- _What the exercise asks_
Copy exactly and only the lines running from the one that contains "Dynamic motion blur" to the final line of the data below, without the pictures.

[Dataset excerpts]
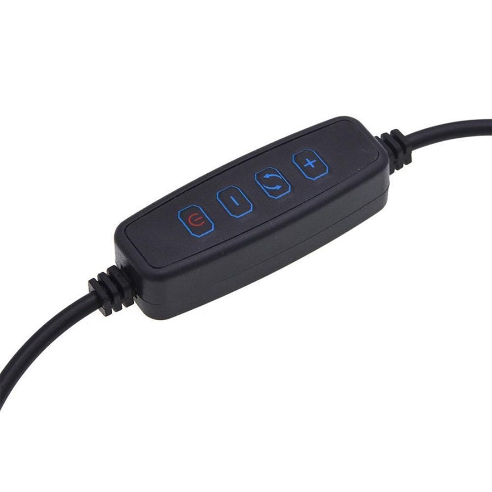 Кольцевая LED лампа имеет три режима типа освещения (теплый, холодный, комбинированный свет) и плавную регулировку яркости света.
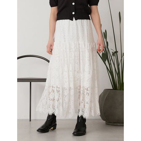 ティアードデザインがフェミニンなフラワーレーススカート
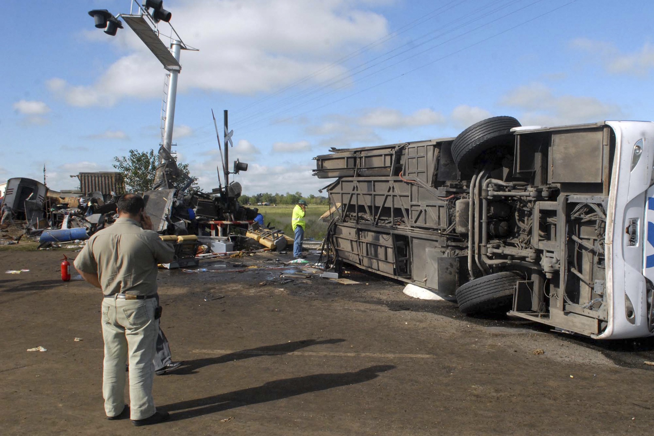 People talk on their phones while inspecting the wreckage at the rail crossing where a passenger train crashed into a bus in Dolores, Buenos Aires province March 9, 2008. A train crashed into a bus in Argentina early on Sunday, killing 18 people and injuring about 45, local media reported. "It seems the driver of the bus passed when the barrier was down and the train cut the bus in half," Daniel Scioli, the provincial governor, told local television at the crash scene. [Agencies] |
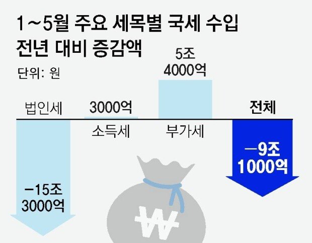 今年も税収が予想より少なくなったのは法人税減少の影響が大きかった。1~5月の法人税税収は28兆3000億ウォンで、前年比15兆3000億ウォン減少した。
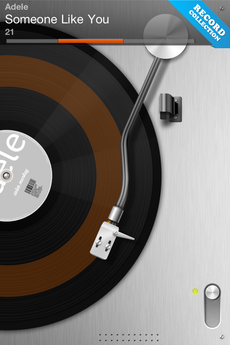 Pour sélectionner un album, il suffit de le toucher. Le Vinyle se lance alors automatiquement. Pour sélectionner une piste précise, vous devrez déplacer le bras sur votre disque. La partie est alors surlignée en marron. Le titre s’affiche dans la barre du haut (une autre barre vous indique d’ailleurs le nombre de morceaux sur le disque et celui actuellement joué: on veut du rétro, mais avec les avantages du neuf s’il-vous-plaît!).
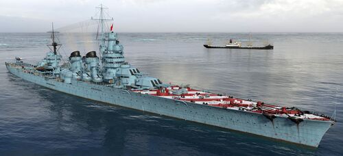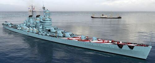 Заряды хранились в защитных металлических контейнерах, снимавшихся перед подачей на подъемник. Погрузка боеприпасов осуществлялась через четыре широких лацпорта, прорезанных в бортах на уровне главной палубы. В их открытые дверцы выставлялись рельсовые пути, выступавшие на 3 м за борт, по которым ходили электрические вагонетки грузоподъемностью 650 кг, подававшие снаряды и заряды к четырем элеваторам, опускавшим их в погреба. Внутри погребов имелись люльки грузоподъемностью 250 кг.
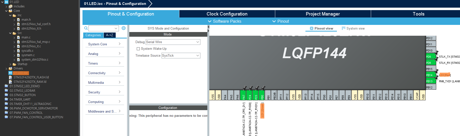 rtos를 활성화해서 쓰레드와 뮤텍스를 사용해보려고 한다 쓰레드 pin configuration -> Middleware -> FREERTOS에서 CMSIS_V2로 rtos를 활성화 하자 System Core -> SYS에 들어가보면 기본으로 사용하는 타이머가 SysTick인 것을 확인할 수 있다 해당 타이머는 우선 순위가 낮기 때문에 다른 타이머를 사용해야 한다 비활성화 된 타이머를 선택하자 다시 FREERTOS로 돌아와서 Newlib setting을 Enable 해주고 Tasks and Queues에서 쓰레드 함수 (= Tasks)를 추가해주자 저장을 하면 코드가 생성되는데, 이런 폴더와 코드들이 생성된다 main.c의 최하단을 보면 생성한 쓰레드 함수가 있는 것을 확인할 수 있다 쓰레드 함수를 생성..
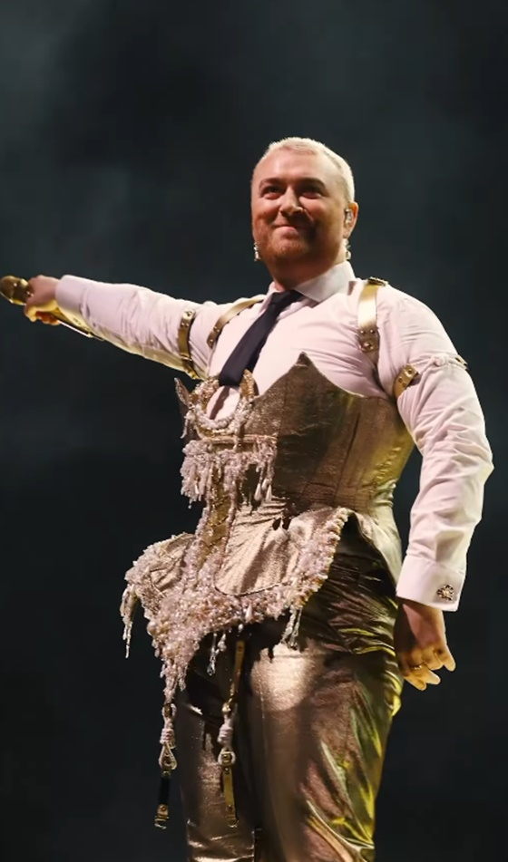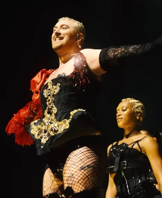 샘 스미스는 최근 자신의 사회관계망서비스에 투어 공연에 오른 자신의 모습을 공개하기도 했다. 공개된 사진에는 망사, 코르셋 등 난해한 옷을 착용한 샘 스미스의 모습이 담겼다.
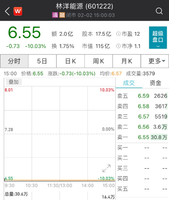 林祥能源董事长被“留置”:股价应声跌停 可转债盘中跌超20%
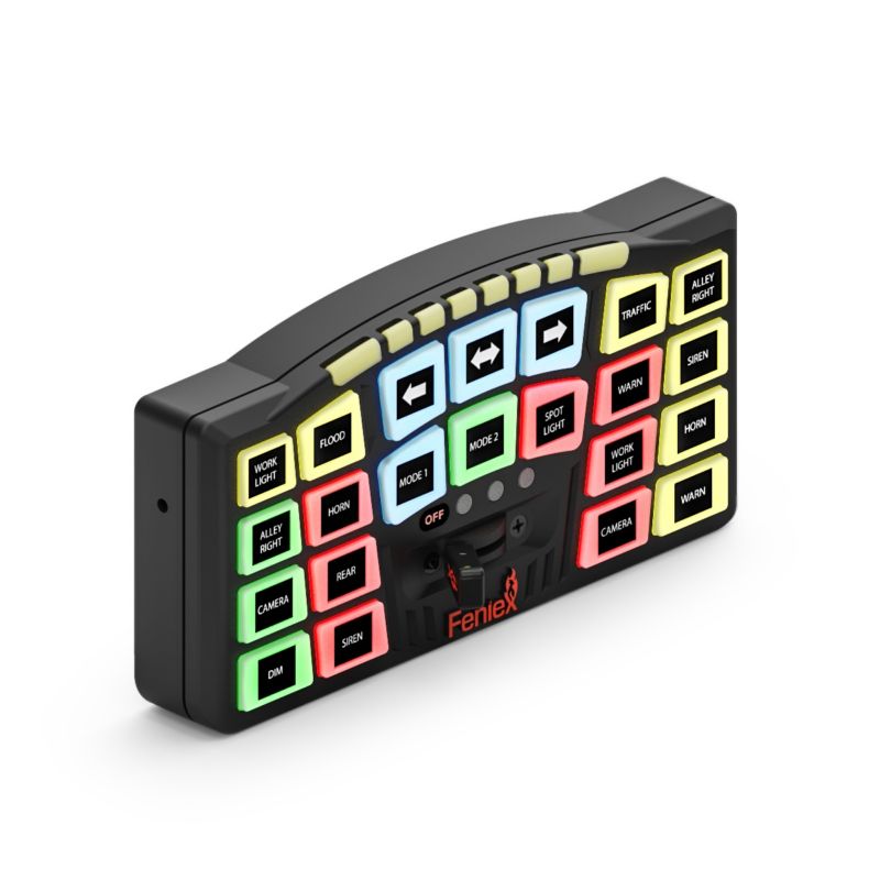 The SynQ-S is a full-size vehicle controller built for operators who need clear, direct access to their most important functions. Featuring 22 backlit buttons and an integrated slide switch, it provides fast, intuitive control with five selectable button colors for quick mode identification. The system powers on in just one second, giving users instant access to lighting, siren and auxiliary functions. A 200W dual-tone siren, 15+ programmable siren tones and 20+ audio commands are included through the paiRed SynQ Relay. EngineeRed for demanding fleets, the SynQ-S offers high-capacity current output control with 12 low-current outputs, 6 high-current outputs and 4 ground outputs, all PC programmable. With support for up to 96 Q Serial lightheads or 16 Quantum 2.0 devices, the SynQ-S delivers responsive performance, advanced configuration options and seamless syncing for emergency and specialty vehicles.
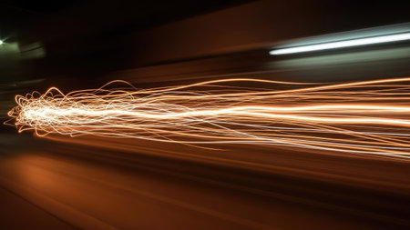 Dynamic motion blur of light trails resembling lightning on a dark background
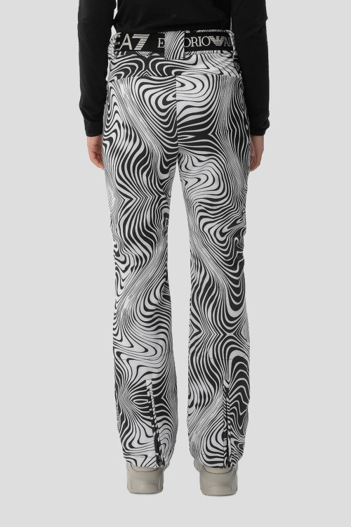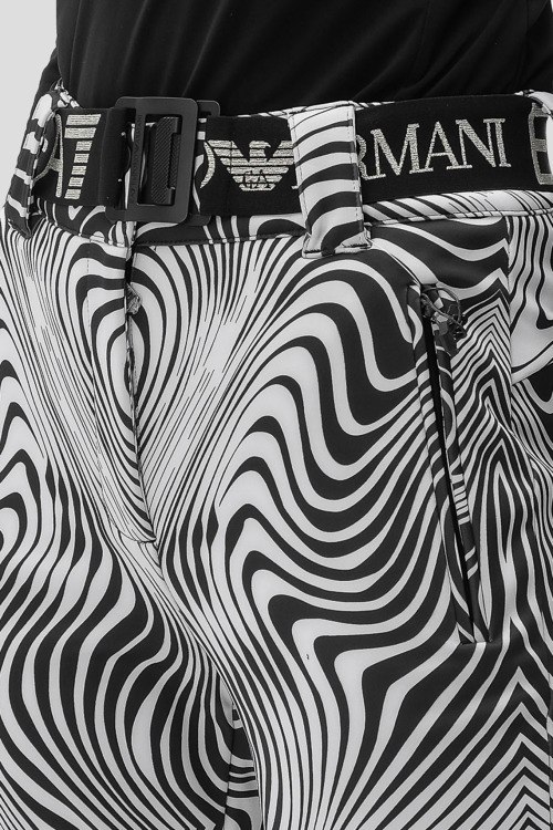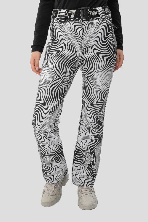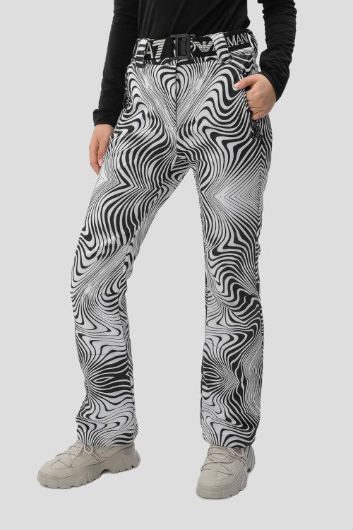 Детали: Женские черно-белые горнолыжные брюки из полиэстера от EA7 Emporio Armani (ЕА7 Эмпорио Армани). Классическая длина, застежка на молнию и пуговицу, эластичная резинка на поясе, прорезные карманы, манжеты на молнии, водонепроницаемая модель

- _Result of this task_
 Dynamic motion blur of light trails resembling lightning on a dark background
 Детали: Женские черно-белые горнолыжные брюки из полиэстера от EA7 Emporio Armani (ЕА7 Эмпорио Армани). Классическая длина, застежка на молнию и пуговицу, эластичная резинка на поясе, прорезные карманы, манжеты на молнии, водонепроницаемая модель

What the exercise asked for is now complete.